## Your instructions
Reproduce the lines below exactly. Skip images.

[[ Data section, beginning ]]

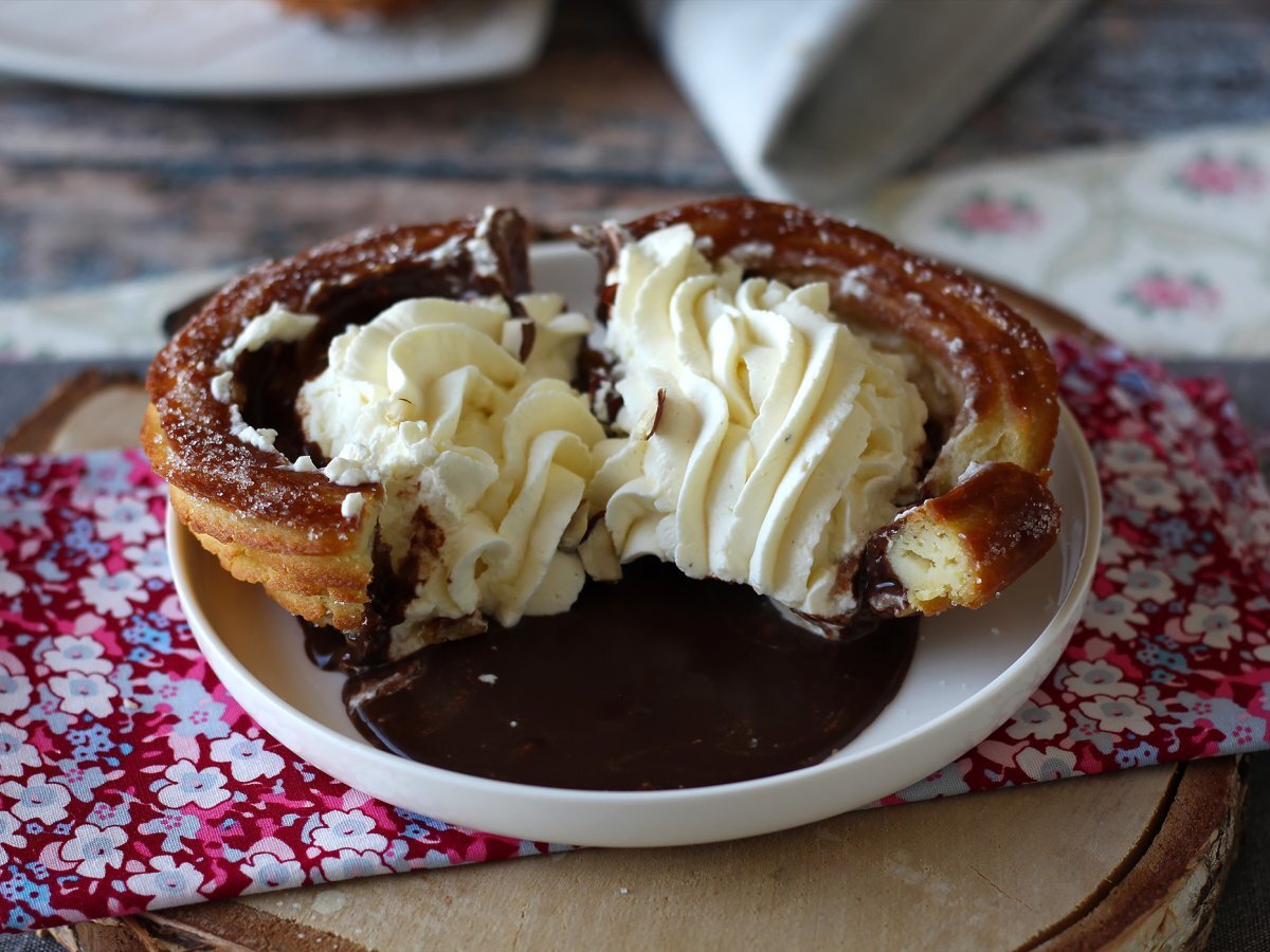 Pentru un desert cu efect „wow”, schimbăm forma churros păstrându-le în același timp delicatețea! Un alt punct bun despre această rețetă? Churros-urile noastre nu sunt prăjite, ci bine coapte! Așa că nu ezitați să le ornați cu înghețată, frișcă, ciocolată topită sau caramel pentru a le face cu adevărat irezistibile! Vă explicăm totul pas cu pas în rețeta noastră detaliată de mai jos ↓
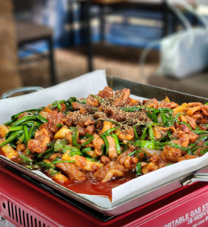 매운 오리주물럭은 자극적이지 않으면서도 감칠맛이 좋았습니다. 밥이랑 같이 먹으면 딱 좋을 맛이었습니다.
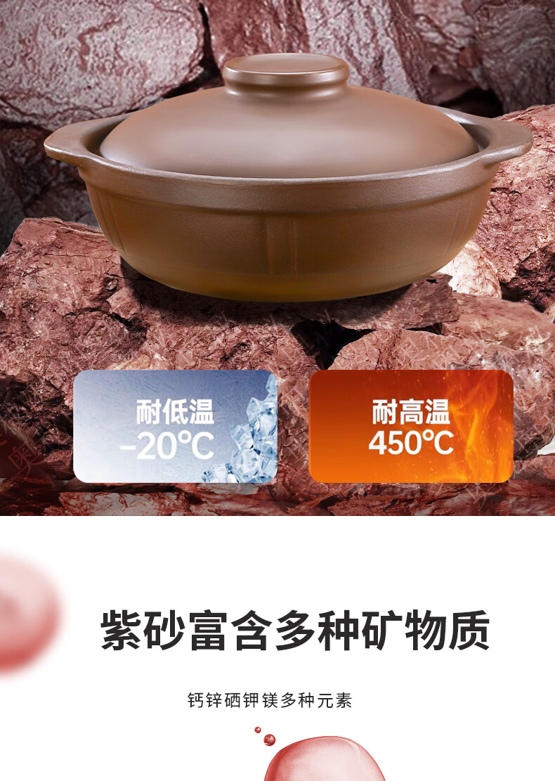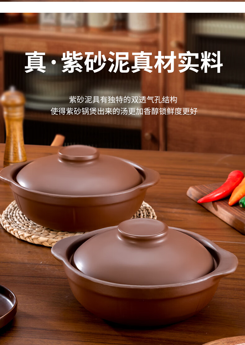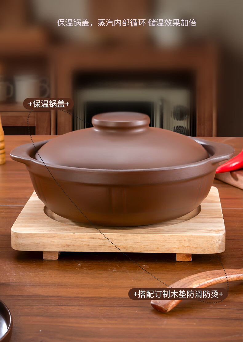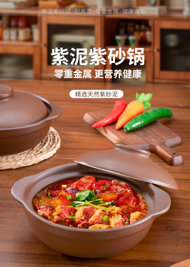 Mysterious unglazed purple casserole, high temperature resistant, dry-fired and non-cracking, household ceramic soup pot, earthen pot, clay pot, rice casserole, special for gas stove, unglazed purple casserole, suitable for 4-5 people 2.5L
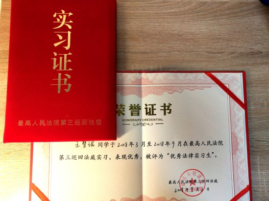 成人影片 宪法学与行政法学专业2016级硕士研究生王梦瑶同学,于2018年3月至9月在最高人民法院第三巡回法庭实习,表现优秀,近日被评为“优秀法律实习生”。

[[ Data section, end ]]

## Answer below
 Pentru un desert cu efect „wow”, schimbăm forma churros păstrându-le în același timp delicatețea! Un alt punct bun despre această rețetă? Churros-urile noastre nu sunt prăjite, ci bine coapte! Așa că nu ezitați să le ornați cu înghețată, frișcă, ciocolată topită sau caramel pentru a le face cu adevărat irezistibile! Vă explicăm totul pas cu pas în rețeta noastră detaliată de mai jos ↓
 매운 오리주물럭은 자극적이지 않으면서도 감칠맛이 좋았습니다. 밥이랑 같이 먹으면 딱 좋을 맛이었습니다.
 Mysterious unglazed purple casserole, high temperature resistant, dry-fired and non-cracking, household ceramic soup pot, earthen pot, clay pot, rice casserole, special for gas stove, unglazed purple casserole, suitable for 4-5 people 2.5L
 成人影片 宪法学与行政法学专业2016级硕士研究生王梦瑶同学,于2018年3月至9月在最高人民法院第三巡回法庭实习,表现优秀,近日被评为“优秀法律实习生”。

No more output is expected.